For myself, all women with white collar jobs get two year’s entitlement to WFH after every childbirth in addition to parental leave, in which they can’t be required in the office more often than 1x week. Renters who get married have access to a government loan to buy the apartment or house they rent, and the government issues loans to couples having a 3rd child to help buy a bigger home. At a fifth child these loans are forgiven and payments pause for three years after a fourth. The ministry of culture is directed to work with generican-language pop culture producers to promote pro-family memes, female pop stars are paid to give interviews and sing about how much they love being a mom. High schools now require ‘family formation’ classes to graduate in which teens assist existing families with childcare(particularly for girls this is strongly associated with wanting kids) and learn social skills for forming relationships, along with some basic home ec. New fathers get an automatic 5% raise regardless of employer. Female civil servants have the option to go part time if raising a child, and genericland’s many factories are enrolled in a subsidy program that pays them to allow female workers with a child under ten to work part time.
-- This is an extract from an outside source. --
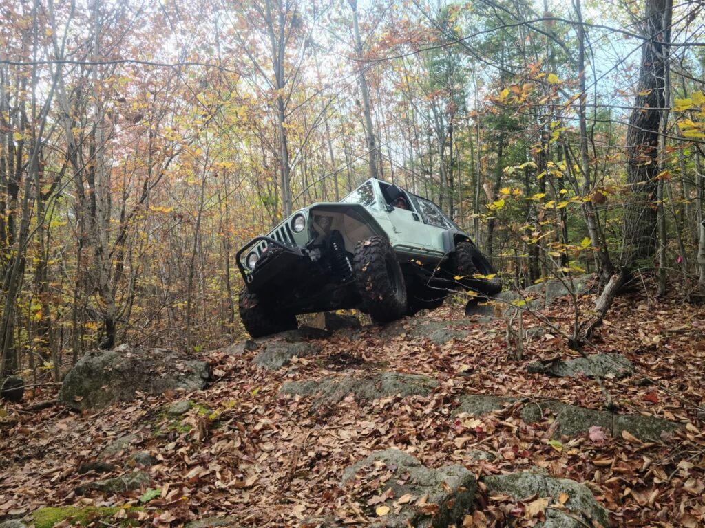 The Homestead is a private property owned by a club member. We have been building trails there since 2015, but have been more consistent since 2023. The property features an antique farm house on historical land, with acreage behind the house where the trails are. The trails feature a lot of rock and bedrock, very difficult obstacles and difficult trail options. Located near Plymouth, NH, our club visits twice per year and enjoys free camping outside the farm house. In 2026, we will have a weekend with wheeling and trail scouting and flagging. Later, we will conduct a Work and Wheel, and create the new trail(s) we flagged.

Genericland has a problem- they have an economy dependent on high tech manufactured exports using highly skilled labor that can’t be imported, it has to be homegrown, and has had a TFR of 1.5 for long enough that the government is seriously worried about a labor crunch taking them from an upper to a middle income economy in 20 years or so.

I'm laughing, because this is Ireland, more or less. We don't have a fertility crunch as of yet - in fact, our population is finally increasing since Famine levels. But I also remember a late government minister in the 80s saying that we had to emigrate, that the country was too small to support the population (around 3 million at the time). Our replacement rate does seem to be low, but it's still pretty good for Europe:

Although below the replacement fertility rate - the average number of children which must be born per woman in order to maintain the population to the next generation - of 2.1, Ireland's rate of 1.8 was joint-highest in the EU, matching France, Romania and the Czech Republic.

So it's not fertility that is the problem, it's being held hostage to foreign investment instead of developing your own native industries that won't collapse as soon as a global recession hits or the headquarters back in the USA decide to do some belt-tightening and close down overseas branches.

My advice, such as it is (based on Ireland):

  1. Do NOT concentrate everything in one major city so the rest of the country is living on scraps

  2. Solve your goddamn housing crisis

  3. Make wages liveable so that people can get married and have kids and one partner can be the full-time home maker (or do part-time work)

  4. This means making sure employment opportunities are not all concentrated in one major city (see point 1 above) or in a few scattered locations around the country. If you want people to live adult lives, you have to give them the chance not to hollow out the rural/small town communities by all moving to the capital or even emigrating.

  1. Labor policies designed around maintaining a healthy work/life balance and encouraging participation in society. The whole "on-call 24/7" thing for low-wage workers simply isn't sustainable.